According to the Japanese paint manufacturer, one of the major global suppliers of marine coatings, ship repair projects at facilities in Turkey’s Tuzla district have increased by 15 to 20% over the past 12 months, with many repair yards close to capacity.
Capt. Baybora Yildirim, Managing Director, Nippon Paint Marine Turkey, said the confluence of a number of market dynamics has had a beneficial impact on the region’s maritime cluster.
In particular, he singled out the expiry of drydock extension certificates issued 6 to 12 months ago combined with capacity issues at Asian facilities amid a resurgence in COVID cases.
“Historically high freight rates have resulted in owners deferring scheduled drydockings to allow vessels to keep on trading, but many of these certificates are due to expire, resulting in increased drydocking activity.
“Shipowners are also being hit by a tightening of COVID restrictions in China and Singapore, where vessels are waiting at anchorage for up to two weeks. And with shipowners looking at keeping their vessels trading for as long as possible we are seeing more ships heading directly to Turkey, in some cases on the last day of their drydock extension rather than lose any trading days.”

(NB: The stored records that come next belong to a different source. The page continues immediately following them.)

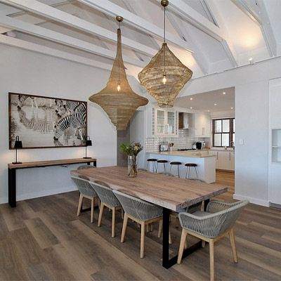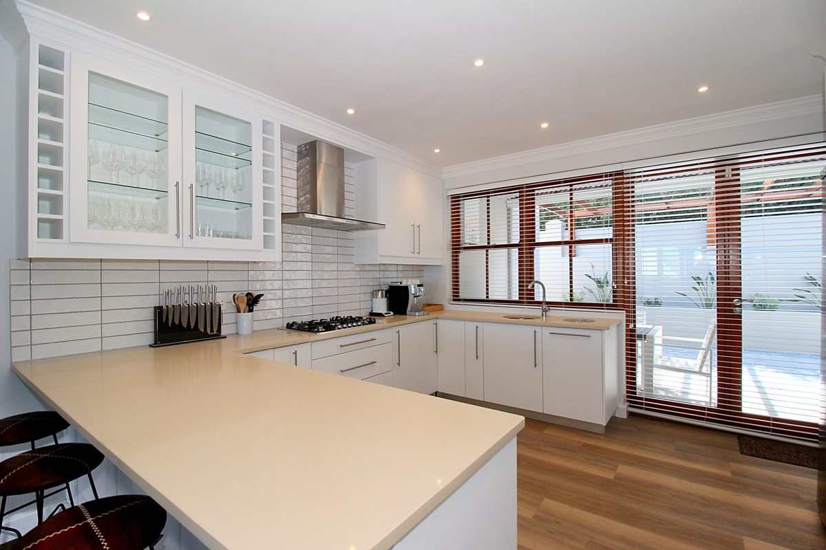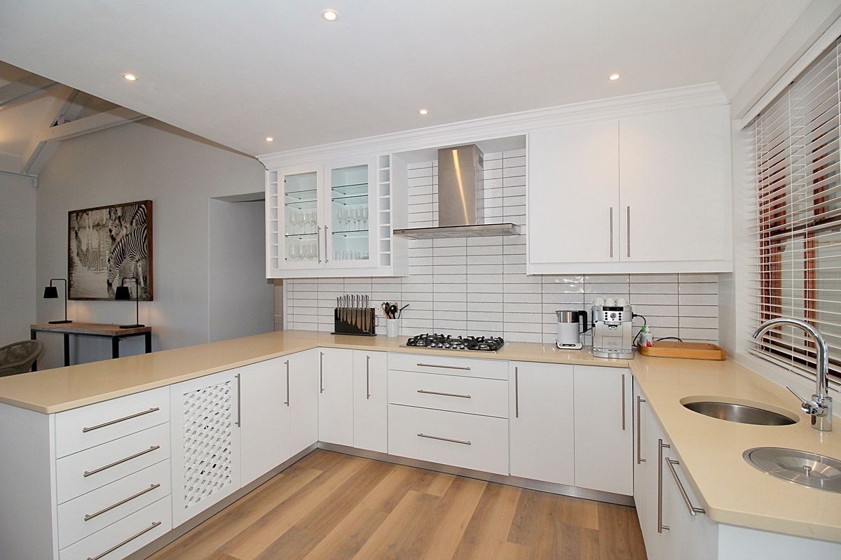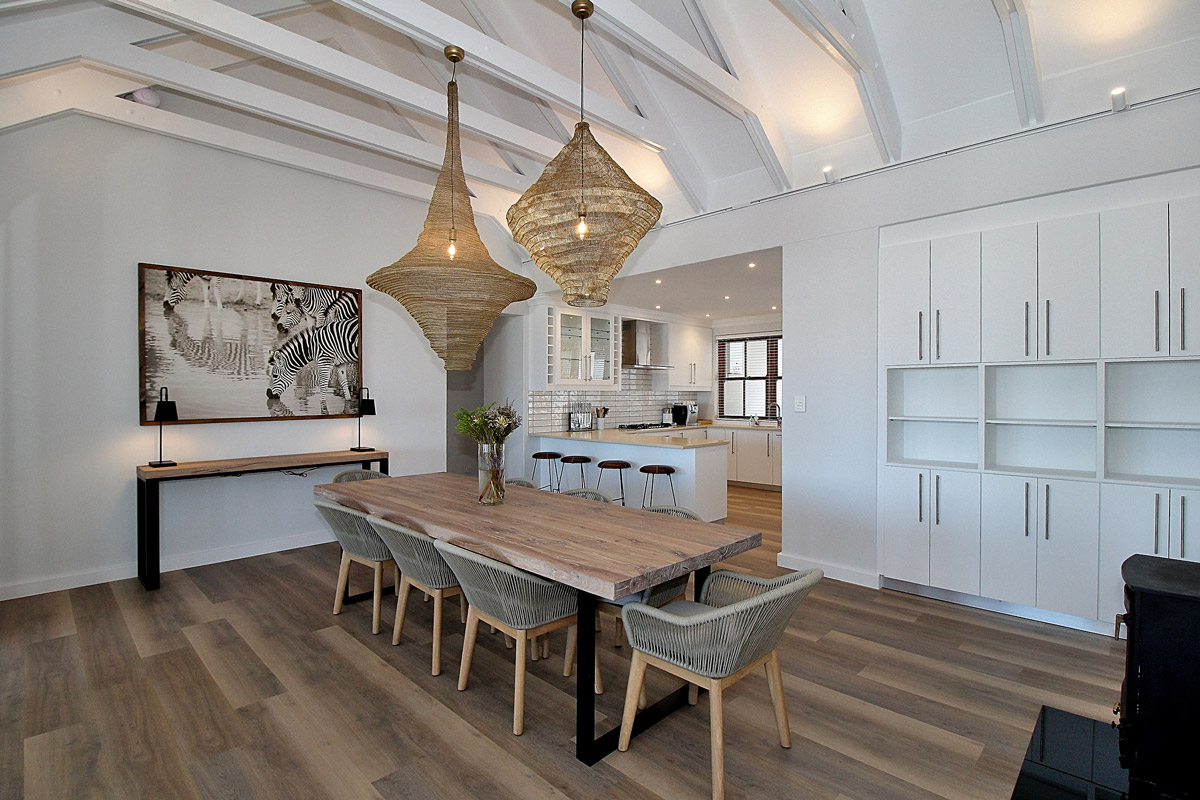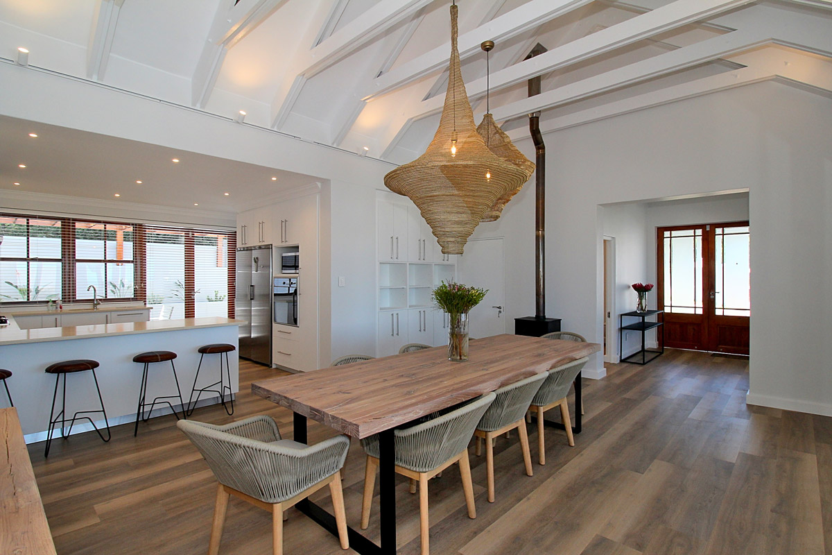 großer Wohn- und Essbereich mit offener Küche und Blick auf die False bay
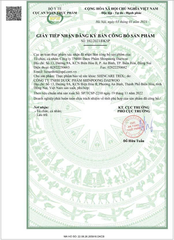 THỰC PHẨM BẢO VỆ SỨC KHỎE: SHINCARE TRIX THÀNH PHẦN Mỗi viên nén bao phim (780 mg) chứa: Diosmin ...200 mg Chiết xuất hạt Dẻ Ngựa (Horse chestnut Extract) ....100 mg (tương đương Aescin 20
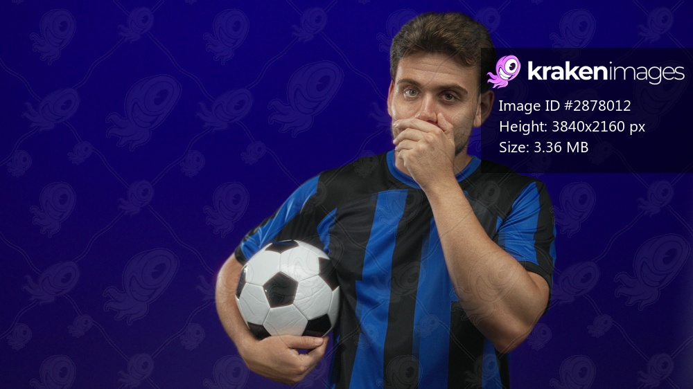 Young hispanic man holding a soccer ball under his arm, hand covering mouth, wearing blue and black striped jersey in a blue studio set; amused hush.
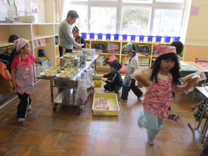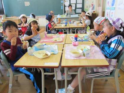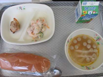 5/18 今日の給食です。今日のメニューは、コッペパン、コンソメスープ、鶏肉のレモンバジル焼き、ポテトツナサラダでした。準備・食事の様子は1年1組です。
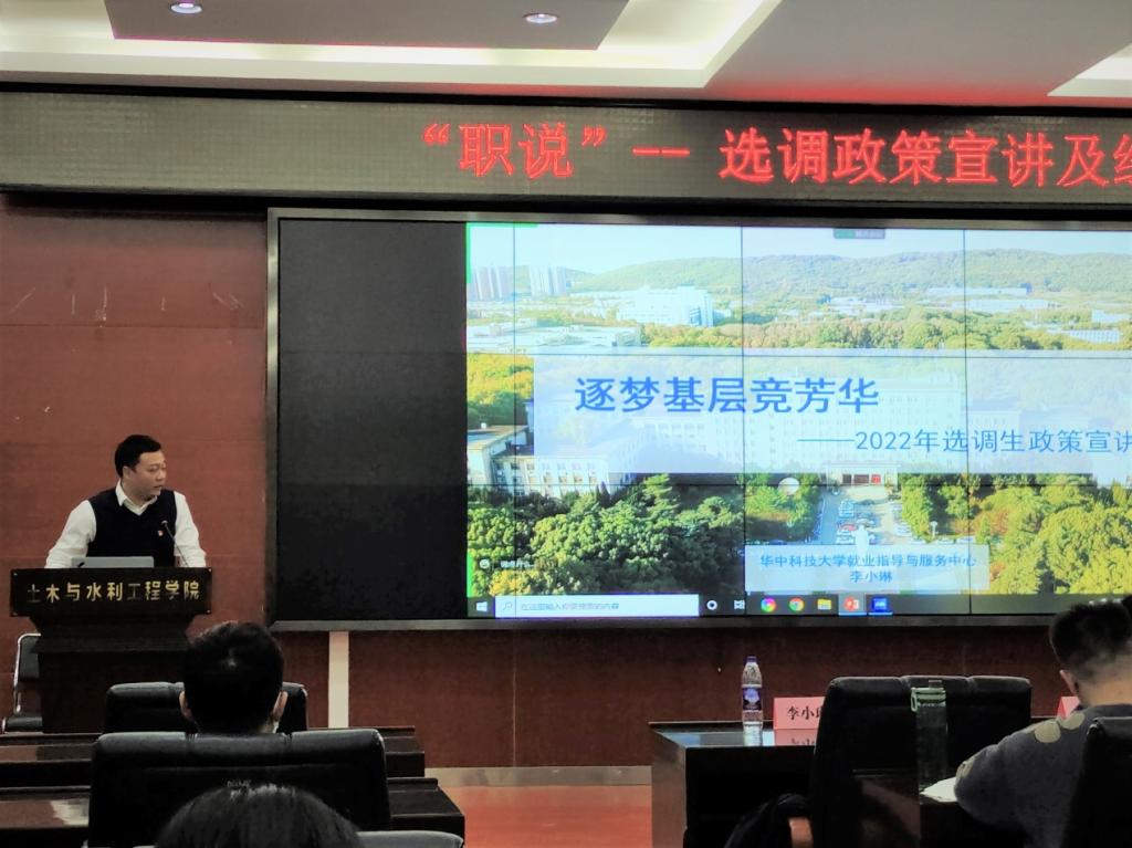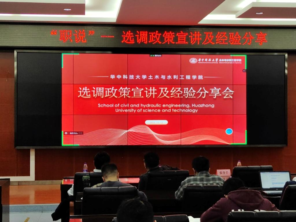 2021年11月11日晚,“职说”—选调政策宣讲和经验分享会在西六楼5楼报告厅圆满举办。本次活动由永利3044集团官网就业指导与服务中心基层服务与就业管理办公室主任李小琳老师主讲,特邀就职于王超、江博、桂晨林师兄依次分享选调经验。活动当晚,共有现场40余名、线上100余名公司学子参与本次分享会。研究生辅导员邵太康老师参与活动。
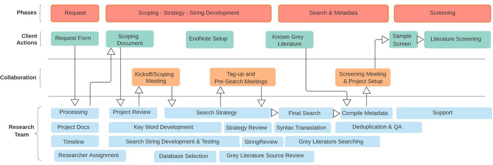 While every project is unique, our team follows a standard process that helps to ensure a successful literature search. This process is broken into four main stages, the Initial Request and Review, the Scoping and Strategy development, the Search and Citation Management, and the Screening. Tasks within each phase require collaboration between the requesting team and the research librarian and many tasks are iterative in nature. Below you will find a visualization of the process and tasks for a generic project. To learn more about each phase of our process, see our pages on each phase of the research process.

Capt. Yildirim furthered that market dynamics are also resulting in an increase in orders for higher value coating systems designed to keep drydock time to a minimum.

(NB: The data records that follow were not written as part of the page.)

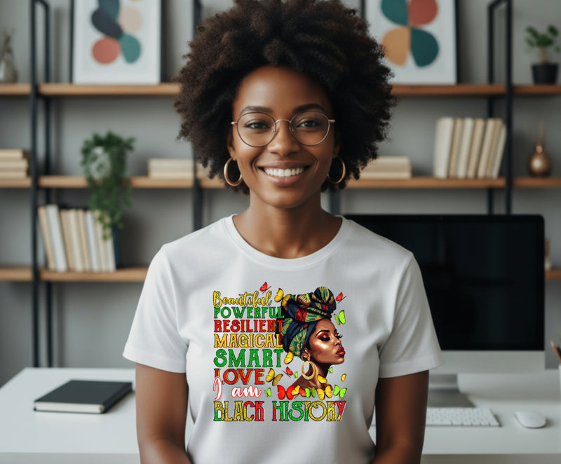 Celebrate natural beauty and heritage with this empowering design. This Black History DTF transfer showcases a serene African American woman, her hair blooming with botanical artistry. Perfect for creating unique apparel that honors culture and strength, appealing to those who appreciate thoughtful, art-inspired fashion.
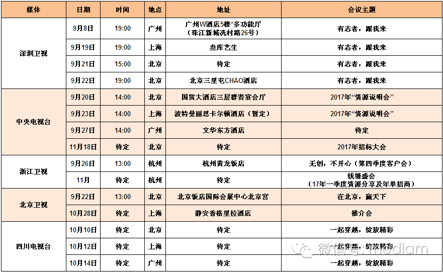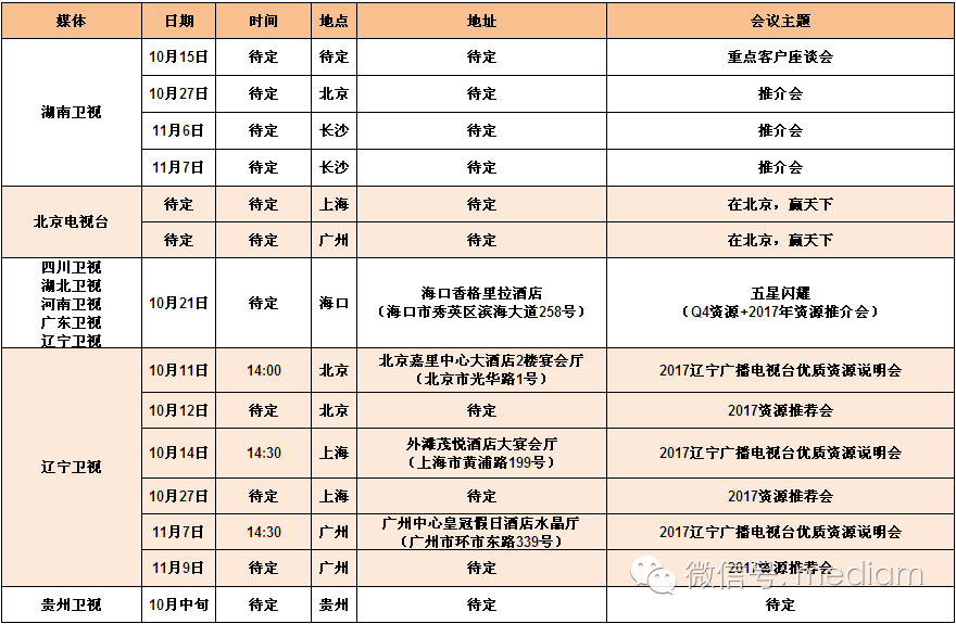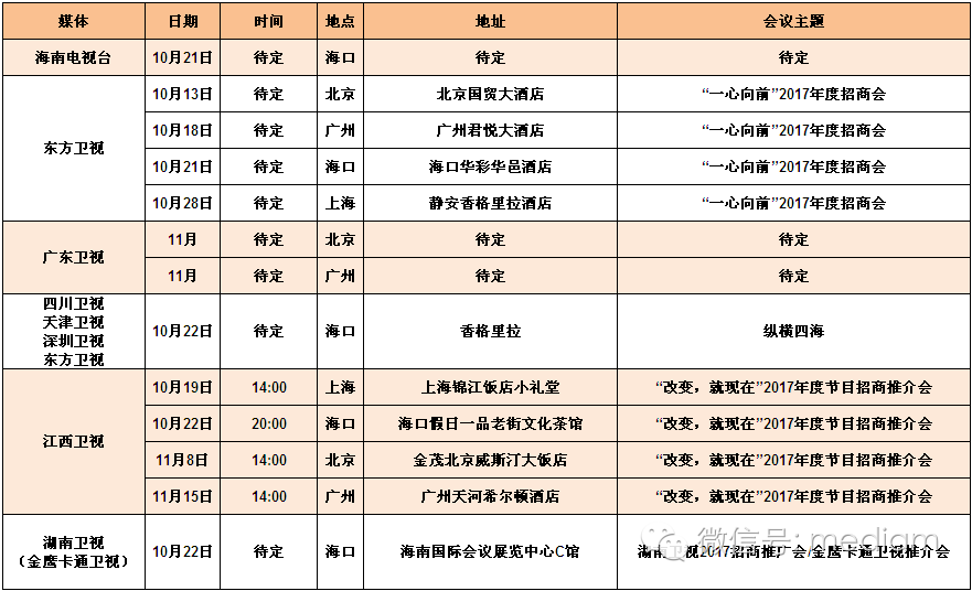 广告业已进入了火热的10月。各家媒体资源推介会进行的如火如荼,动量君整理了2017年各电视和视频媒体广告招标会时间表,以供各位跑会的亲们参考。
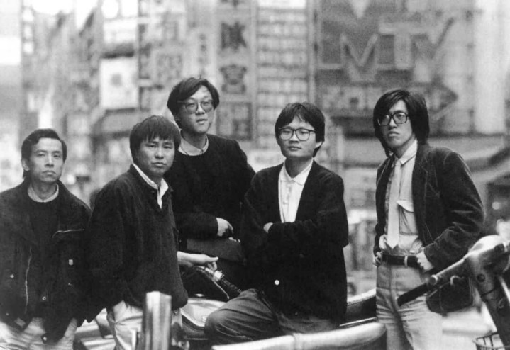 1988年,新加坡,小野(左起)、朱天文、吴念真、侯孝贤、杨德昌接受电台访问。
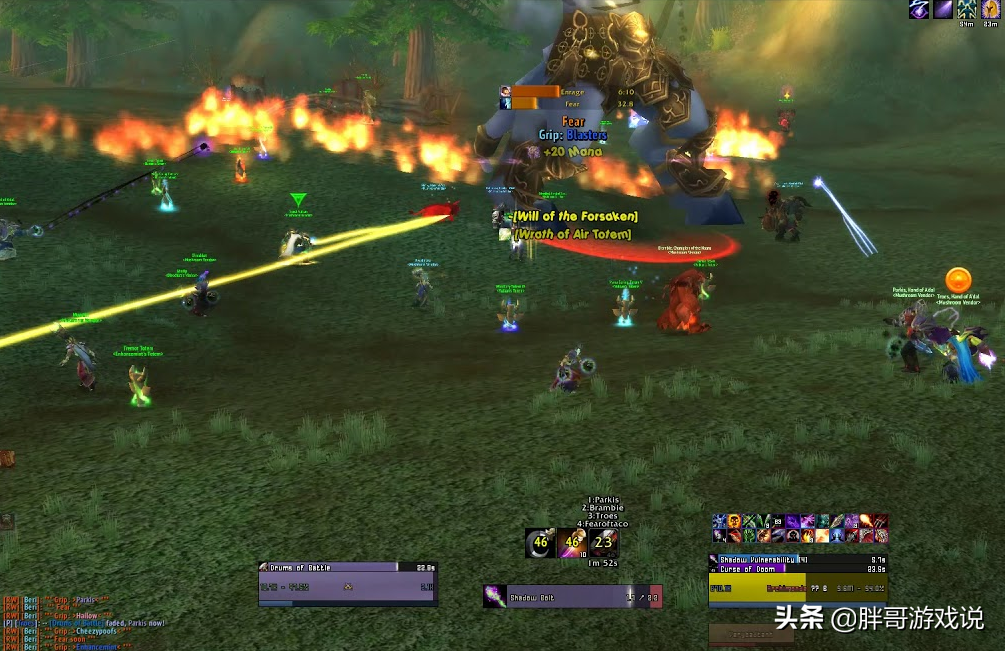 “恐惧咆哮”是一个全团恐惧技能,会有1.5秒的读条时间。最好的应对方法就是安排萨满提前使用战栗图腾,如果团队内的萨满不足的话,可以安排牧师给当前坦克上反恐。
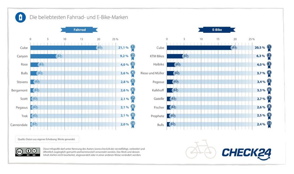 Fahrräder und E-Bikes: Cube mit Abstand die beliebteste Marke

“When times are bad, shipowners will consider cost over performance, but we are seeing the reverse today: its quality over cost. Shipowners are investing in coatings proven to perform over extended periods.”

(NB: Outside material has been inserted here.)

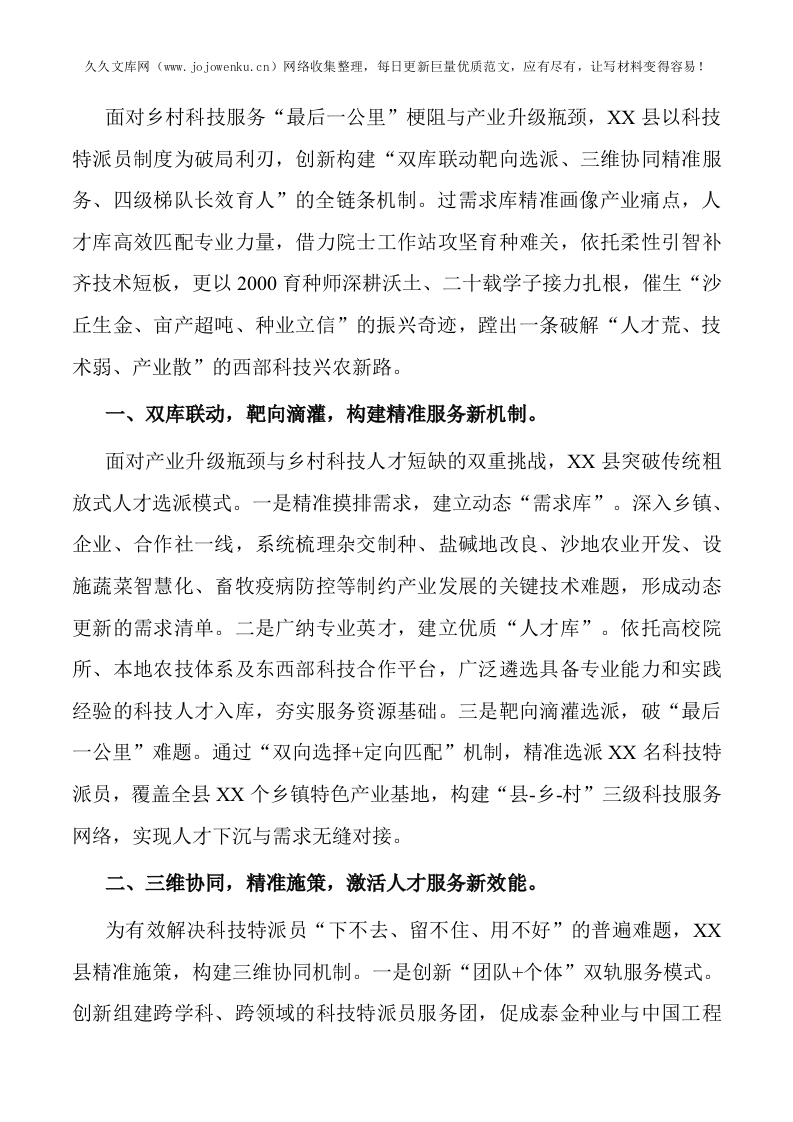 经验材料:县推行科技特派员制度 蹚出科技兴农新路

John Drew, Director, Nippon Paint Marine Europe, said: “I have never seen a supply and demand imbalance quite like the one we are seeing today. Freight rates have quadrupled; they are so high at the moment that every shipowner wants to be at sea with a cargo earning money, rather than in drydock. When you consider the time charter rate for a handy size bulker is about US$30,000, then a drydocking can be a very a costly business. It is for this reason we developed FASTAR.”
Nippon Paint Marine’s new antifouling system minimise the time in drydock required for hull coating work. Depending on the vessel, a FASTAR application can reduce drydock time for a two-coat system by one day.
“A paint job can now be like a Formula 1 car entering the pits: in and out in no time,” said Drew.
Nippon Paint Holdings has had a presence in Turkey since 2016, when it opened Nippon Paint Turkey Denizcilik Boya Sanayi Ve Ticaret A.S. The Japanese company then went on to expand its foothold in the region with the acquisition of Betek Boya in 2019, giving the company the largest coatings market share in the country.
“Turkey is a more popular region to drydock than it was ten years ago, due largely to the improvements made in quality control,” said Capt. Yildirim. “We are working on about 12-14 projects each month, some of which are for the world’s major shipowners and container lines, which are now regularly drydocking at Turkish yards.”
Typically, vessels of between 3,000 and 25,000dwt drydock at Tuzla’s 44 repair yards. Yalova, near the eastern coast of the Sea of Marmara, tends to attract larger vessels up to 120,000dwt.